**Work to be completed:** Restate word for word only the lines from the one with "トミーヒルフィガー マフラー ストライプ" through the end of the records; no pictures belong in the copy.

**The records:**

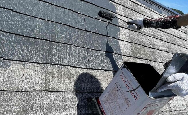 屋根・外壁塗装工事、ベランダ防水工事現場の屋根塗装の中塗り作業(香川県東かがわ市水主)
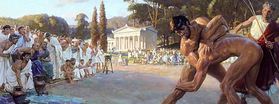 Originally a religious festival held in honor of the Olympian Zeus, the competitors took an oath of honesty and fairness in front of the god’s statue. The athletes took part in a program of foot racing, boxing, pancratium (all-in-wrestling), chariot racing and pentathlon (five events of long jumping, running, javelin and discus throwing, and wrestling).
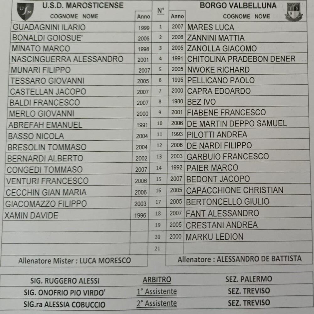Marosticense - Borgo Valbelluna 1-0 (finita)
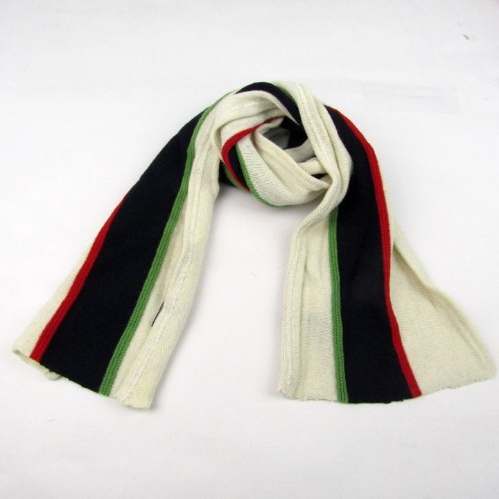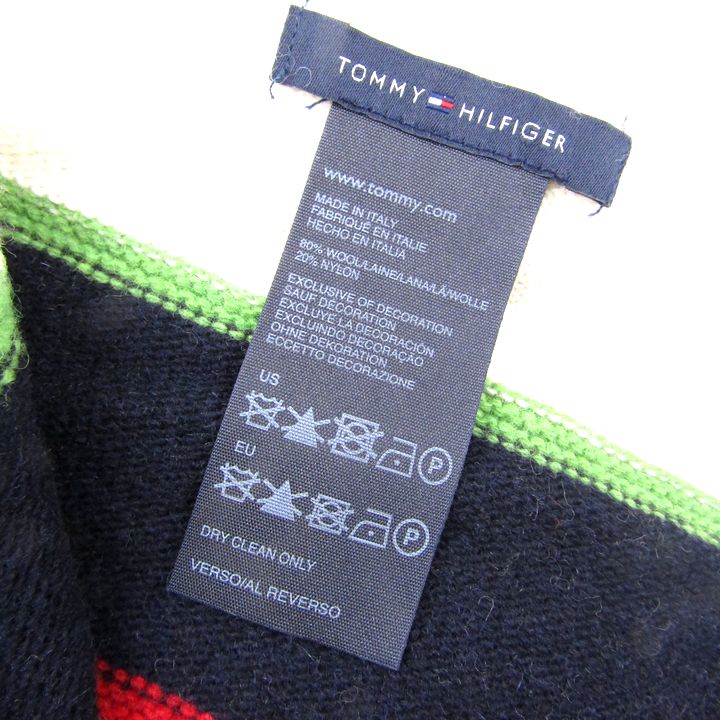 トミーヒルフィガー マフラー ストライプ イタリア製 ウール混 ブランド レディース メンズ アイボリー/ネイビー TOMMY HILFIGER 【中古】
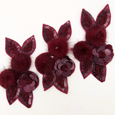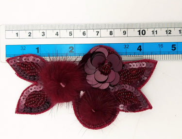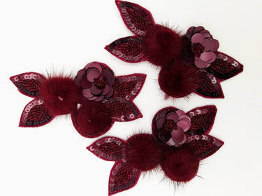 Wine Red Hand Embroidered Floral Applique, Beaded and Sequins Applique.
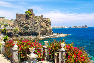 - エトナ山噴火後の火山岩の上にできたとされている、海に突き出た中世の城。海からの姿が素晴らしく、カターニャの街をクルージングで見るツアーが人気。
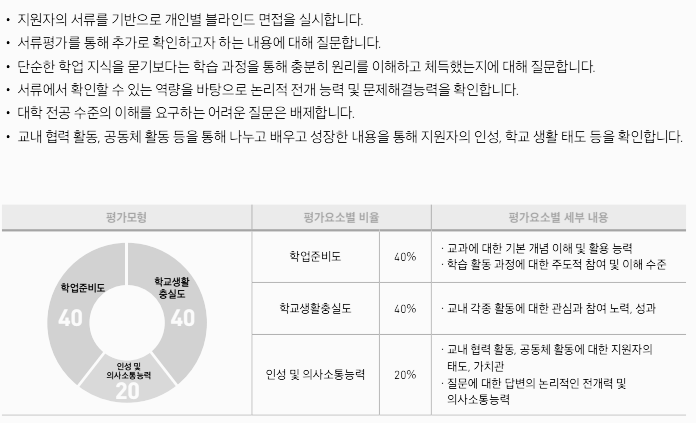 서류에서 확인 가능한 역량을 바탕으로 해당 지원자의 논리적 전개 능력, 문제 해결 능력을 확인하는데 초점을 두며 대학 전공 수준의 이해를 요구하는 너무 어려운 질문은 배제되니 참고하시길 바랍니다. 평가요소별 반영 비율을 보면 학업준비도 40%, 학교생활충실도 40%, 인성 및 의사소통능력 20%으로 구성되어 있는 것을 볼 수 있습니다.
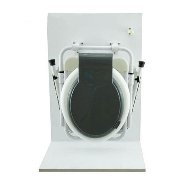 این توالت فرنگی دیواری تاشو ، تمام فلزی بوده با پوشش رنگ کوره ای به دیوار شرقی دستشویی نصب میشود و به راحتی در هنگام نیاز بر روی کاسه توالت باز و پس از استفاده دوباره بر روی دیوار جمع میشود و فضایی اشغال نمیکند تا کسانی که نیاز به آن ندارند بتوانند به راحتی از فضای دستشویی استفاده کنند.

**Expected output:**
 トミーヒルフィガー マフラー ストライプ イタリア製 ウール混 ブランド レディース メンズ アイボリー/ネイビー TOMMY HILFIGER 【中古】
 Wine Red Hand Embroidered Floral Applique, Beaded and Sequins Applique.
 - エトナ山噴火後の火山岩の上にできたとされている、海に突き出た中世の城。海からの姿が素晴らしく、カターニャの街をクルージングで見るツアーが人気。
 서류에서 확인 가능한 역량을 바탕으로 해당 지원자의 논리적 전개 능력, 문제 해결 능력을 확인하는데 초점을 두며 대학 전공 수준의 이해를 요구하는 너무 어려운 질문은 배제되니 참고하시길 바랍니다. 평가요소별 반영 비율을 보면 학업준비도 40%, 학교생활충실도 40%, 인성 및 의사소통능력 20%으로 구성되어 있는 것을 볼 수 있습니다.
 این توالت فرنگی دیواری تاشو ، تمام فلزی بوده با پوشش رنگ کوره ای به دیوار شرقی دستشویی نصب میشود و به راحتی در هنگام نیاز بر روی کاسه توالت باز و پس از استفاده دوباره بر روی دیوار جمع میشود و فضایی اشغال نمیکند تا کسانی که نیاز به آن ندارند بتوانند به راحتی از فضای دستشویی استفاده کنند.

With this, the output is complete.